Cruzamos los patios un día y fuimos viendo el cortejo de esa pobre carne histérica. Muchachuelas de ojos vivaces, tempranamente cínicos, muestran en los rostros malhumorados la exasperación que causa el brusco salto de la libertad a la obediencia, al lado de otras ya resignadas y pasivas, que se mueven como autómatas, con los ojos embelesados y las manos puestas sobre el vientre, cerca de las compañeras más normales que bordan en silencio, haciendo proyectos más serenos para el porvenir, o se aturden moviendo los pedales de las máquinas de coser. En cada sala, una virgen de yeso policromo, entre marchitas flores y hojas de papel plateado, símbolo de ese rezo monjil, gangoso y formulista, recuerda que las detenidas están sujetas a un régimen maternal y religioso.
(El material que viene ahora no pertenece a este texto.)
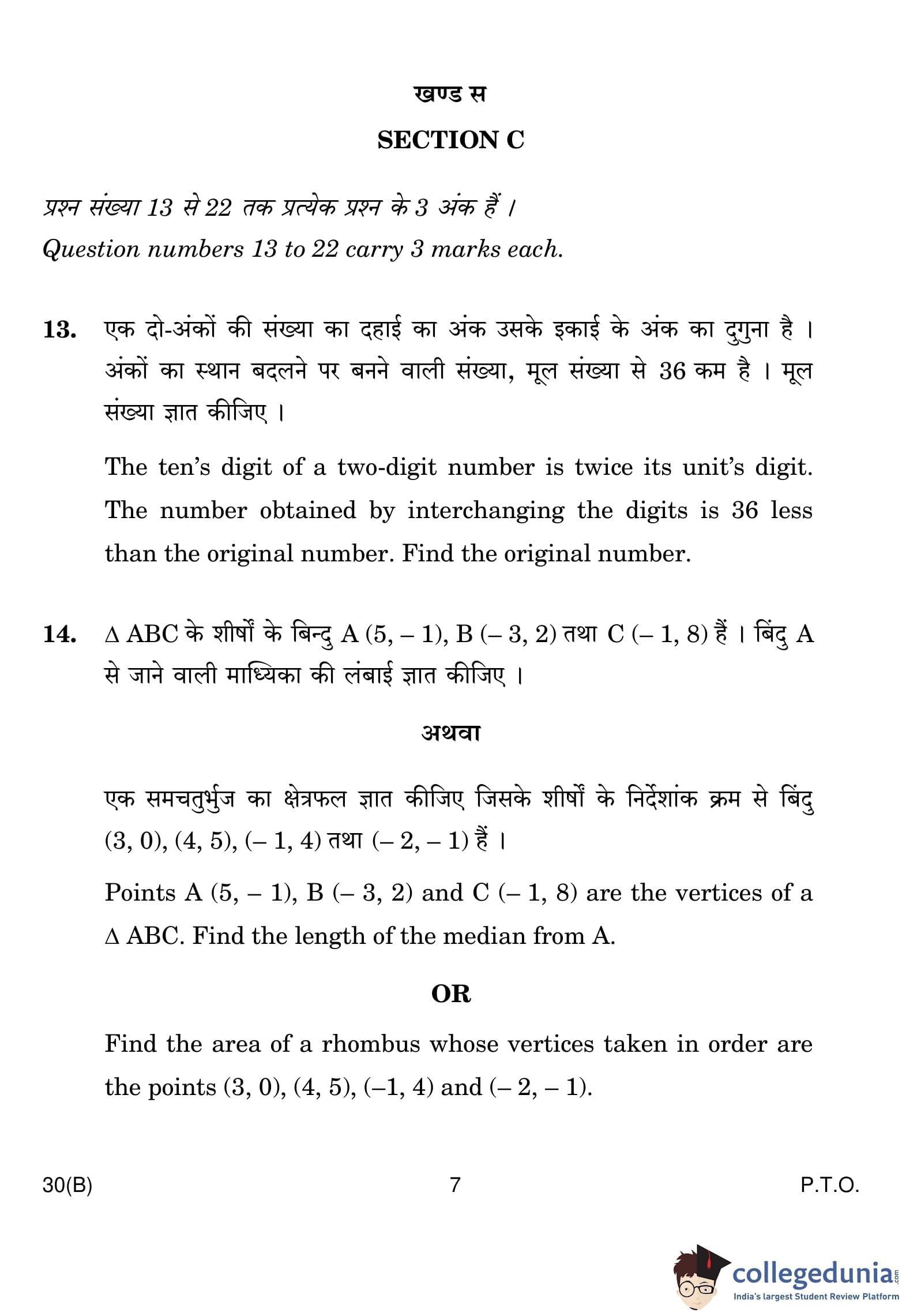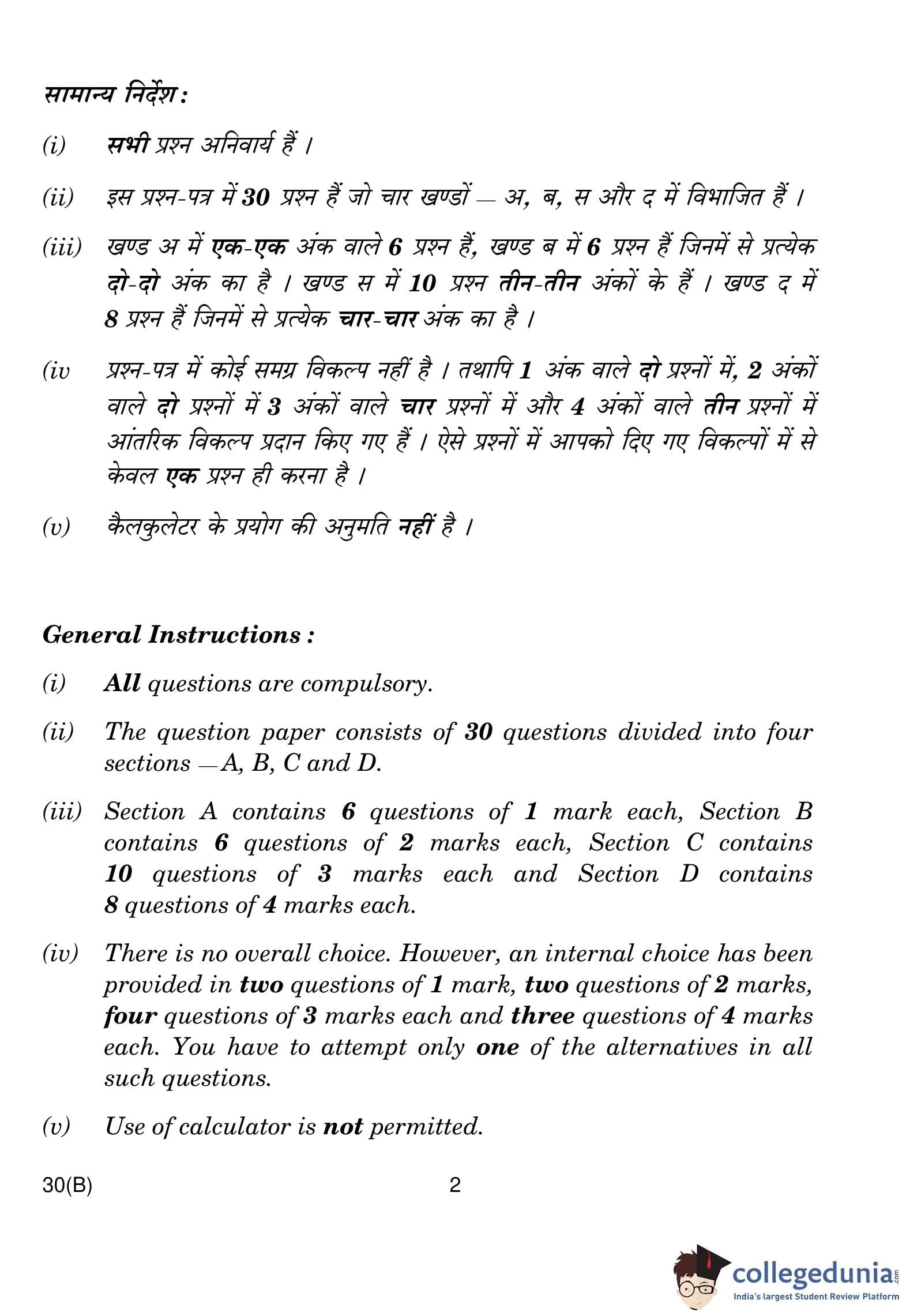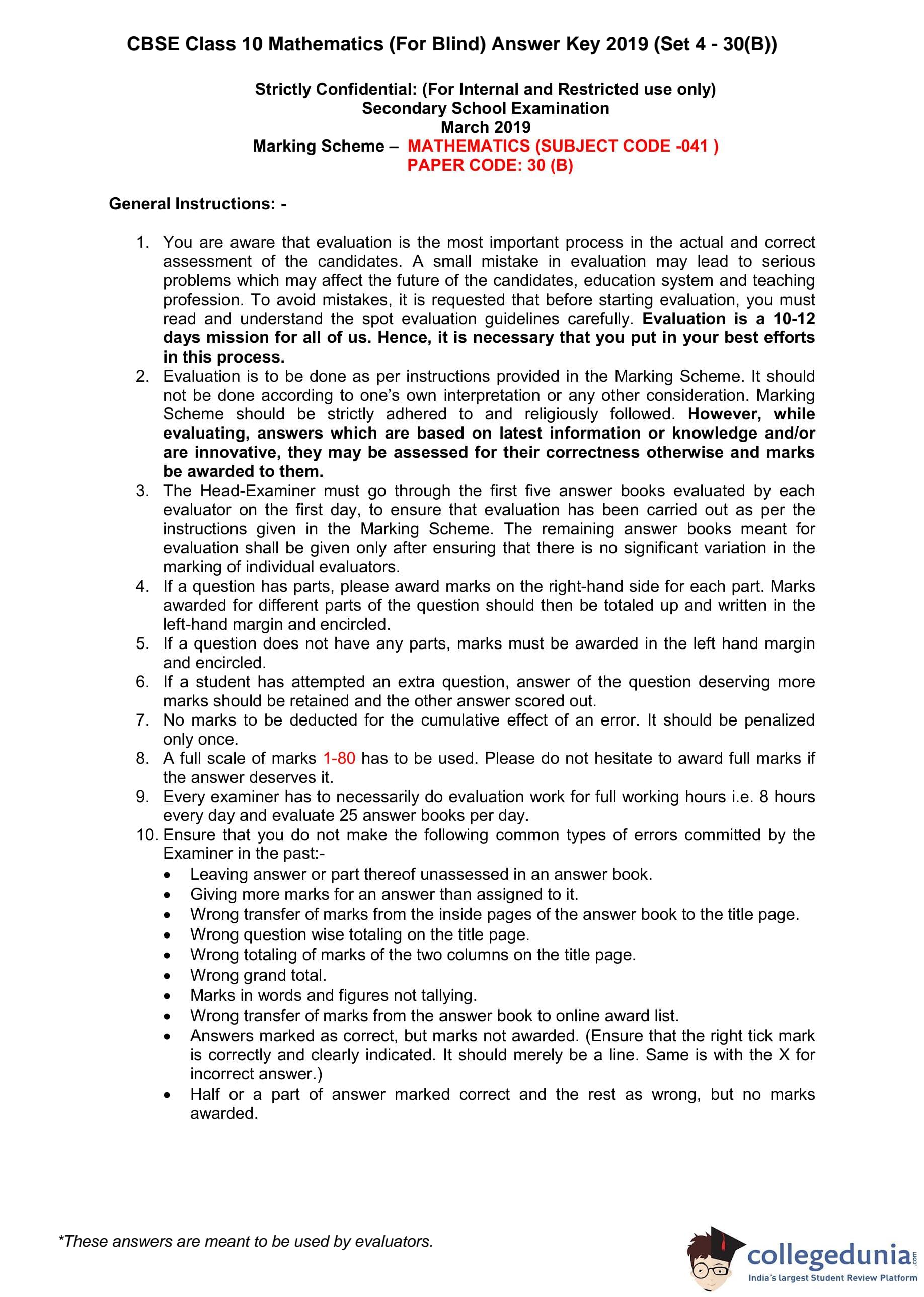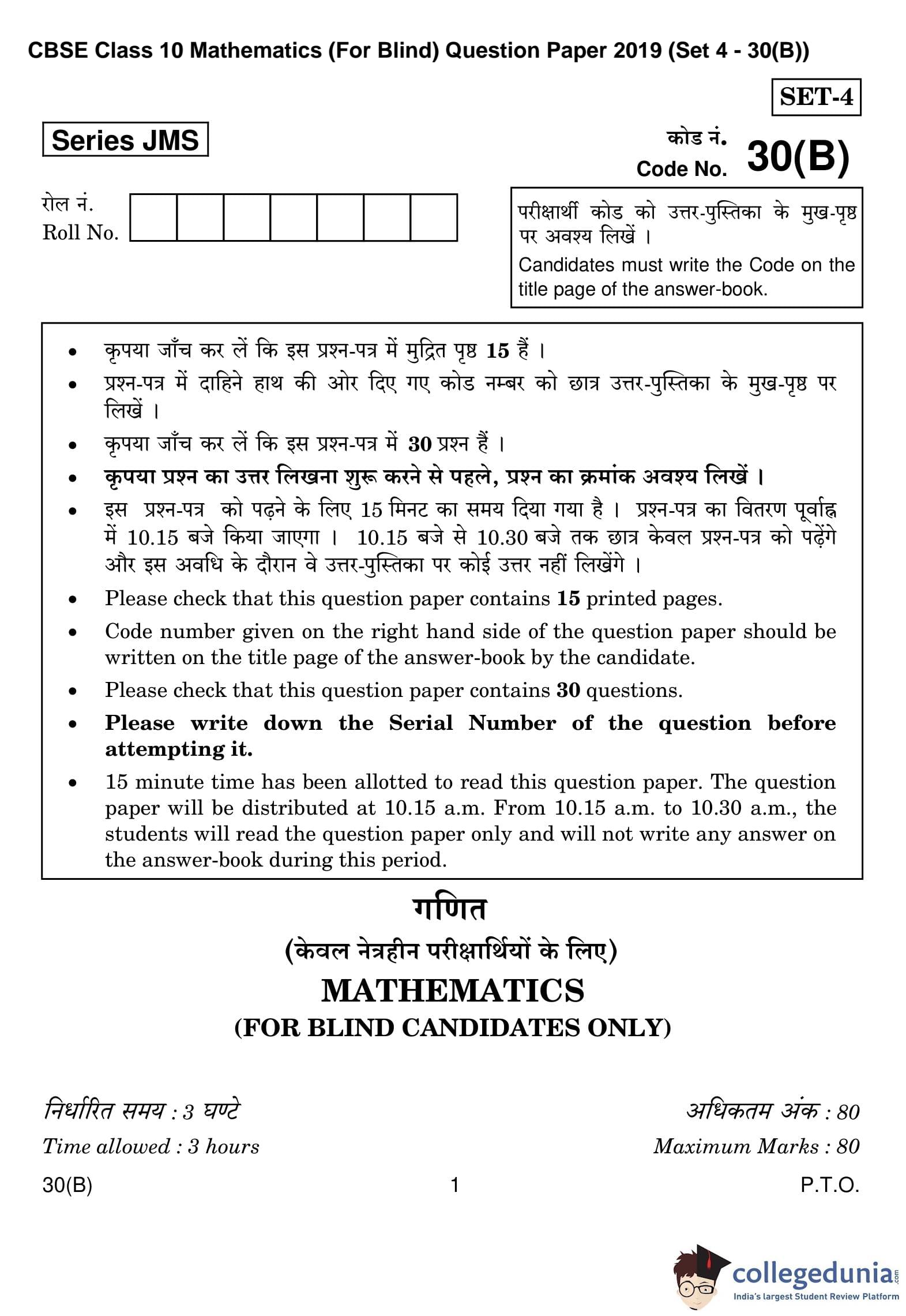 CBSE Class 10 Mathematics (For Blind) Question Paper 2019 with Answer Key Set 4 - 30(B) is available for download. The exam was conducted by the Central Board of Secondary Education on March 7, 2019 in the Morning Session 10:30 AM to 1:30 PM. The medium of paper was English and Hindi. The question paper comprised a total of 30 questions divided among 4 sections.
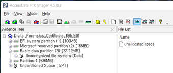 복구를 완료하고 FTK Imager을 통해서 확인한다.
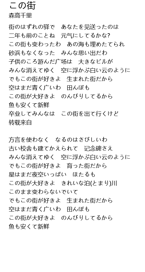 | この街も变わったわ あの海も埋めたてられ | |
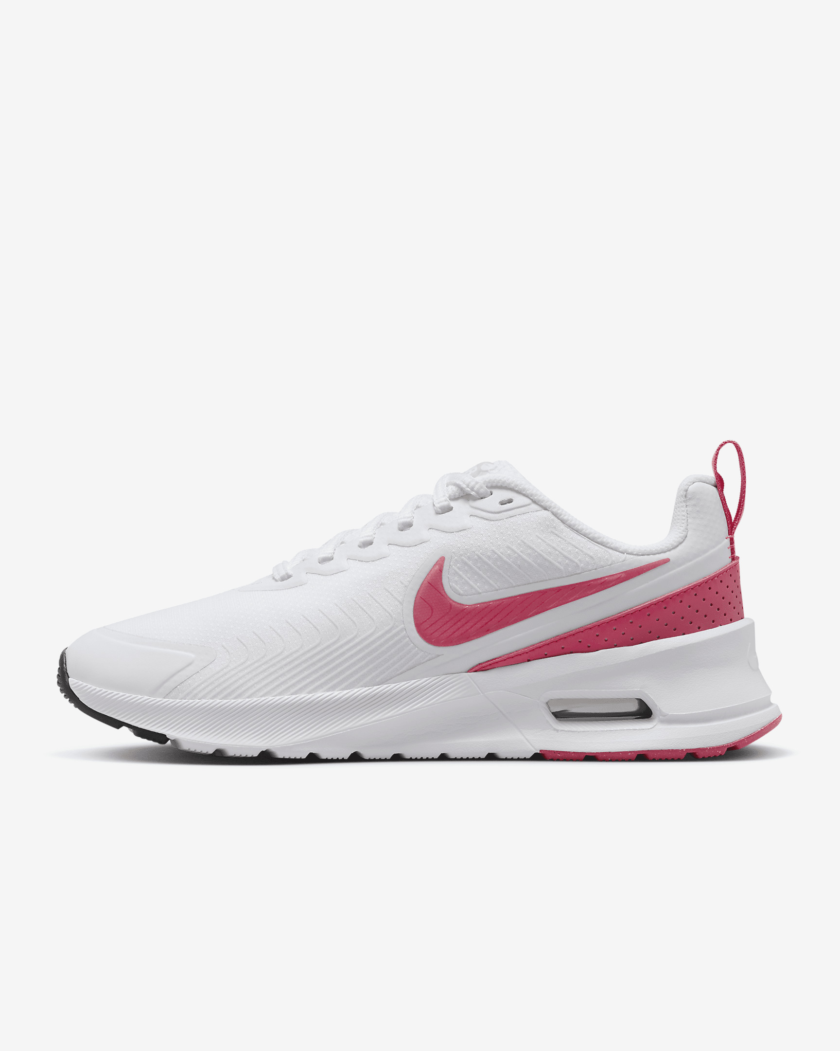 The Air Max Nuaxis is ready for everyday life. You can count on it to look good and feel good too, thanks to breathable mesh and an intuitive Air unit. With design elements inspired by the Air Max 270, the sleek shape makes it the perfect shoe to lace up and go. Benefits - Mesh upper helps keep you cool when life gets busy. - Plush and comfortable, Max Air cushioning has just the right amount of support. - Rubber outsole gives you durable traction. Product Details - Shown: White/Black/Comet Red/Aster Pink - Style: HF1233-100

Mirábamos los grupos de pecadoras y recordábamos esa cadena de figuras enfermas que el escultor Biondi vaciaba un día en Roma, para abogar en eterno monumento por la reforma de las cárceles; y venían a nuestra memoria frases dolorosas de un drama de escritora italiana, Casa di Pena, y tantas observaciones de psicólogos y penalistas para interesar a la sociedad en curar a la mujer criminal antes que castigarla.


Narración[editar]

En el último patio de la cárcel, encerrado por bajo muro de campo, que lo dividía del huerto, tres mujeres vestidas de mezclilla azul, se inclinaban a lavar en un pozo de bajo brocal lleno de lavaza. Había olor a jabón y a ropa húmeda; a carbones mal encendidos en el brasero; a sudor y a basuras. Algunos pájaros llegaban a picotear y a saltar sobre las tejas del muro y escapaban luego seguidos por las miradas de las presas. En cuerdas tendidas de lado a lado, colgaban algunos trapos blancos e hilachentos. Por la calle pasaba una carreta en la cual iba un hombre cantando, y aunque su voz era desafinada y áspera, medía la triste y callada soledad del patiezuelo.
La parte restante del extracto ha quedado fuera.